Hulstyn in the interview showed bias when talking about high school sports. Speaking on injuries from the perspective of a high school sports star, which is perfect in this specific ISearch topic. This interview was the day before Hulstyn performed reconstructive surgery on a sports related knee injury, which made the information extremely current. The scope of this interview was guided with the prematurely formulated questions, which kept the interview exactly in the direction it was intended to go. “Protecting Kids From Sports Injury. ” World Book Science Year. 01 Aug. 2009. eLibrary Science.
Web. 15 Nov 2010. The World Book is a very reputable source when it comes to scientific research, such as physical injuries. The lens is through kids who are playing sports; there are cases of injuries that are found early, but if left unchecked could have required surgery, making it very bias against playing on an injury. The source being from last year makes it very current and up-to-date with medical terminology. The article covers very realistic situations; it is somewhat narrow because it never ties in an unlikely freak injury. Sharp, J. D. Personal interview. 5 Oct. 2010.
Sharp went through a traumatic accident while skiing, which resulted in a torn ACL, giving him the perfect perspective to answer questions of the physical and mental aspect of an ACL tear. The interviewee’s POV was that of someone who has not come out of the end of ACL reconstruction, which gives a somewhat negative bias on the subject. The injury occurred last winter, but the feelings of what it put him through are still very much present, which gives it a very fresh current feel. We covered every question I had for the interviewee and then some, making the interview very detailed, and in depth. Study Finds ACL Injuries More Common on FieldTurf. ” ProFootballTalk. 12 Mar. 2010. Web. 15 Nov. 2010. The authority is a professional football (New York Jets) team’s physician, giving it a professional outlook. The POV is written from a team’s medical staff, giving specific facts of how and why turf makes injuries occur more often. This article was posted online earlier this year at the beginning of the football season which makes it very current information. The focus of this article is very precise and goes into extensive detail of the one subject. Zumerchik, John. “Knee. ” Encyclopedia of Sports Science.

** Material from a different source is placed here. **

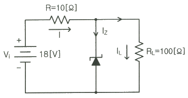 다음 회로에서 제너 다이오드에 흐르는 전류는? (단, 제너 다이오드의 파괴 전압은 10[V] 이다.)
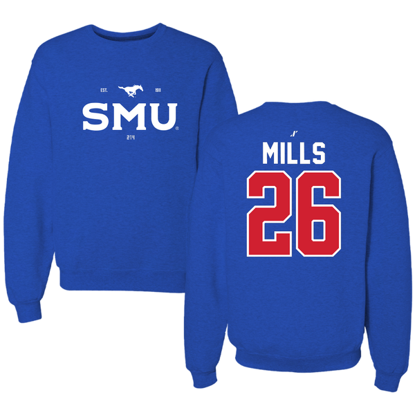 Southern Methodist University Football Blue General Crewneck - #26 Keyshon Mills

Vol. 2. New York: Macmillan, 1997. 668-99. Print. Zumerchik has written over twelve encyclopedias in all, ten of which having to do with sports, two of which are science/history related, showing his is a trustworthy well-known source. The fact that he is such a prestigious sports encyclopedia author, he most likely puts his own opinion on things when writing, just because of his large amount of experience. The scope of his work has gotten more and more pin pointed in each encyclopedia, and when his latest Sports Science encyclopedia came out in 1997, most of the articles are still relevant to sports today.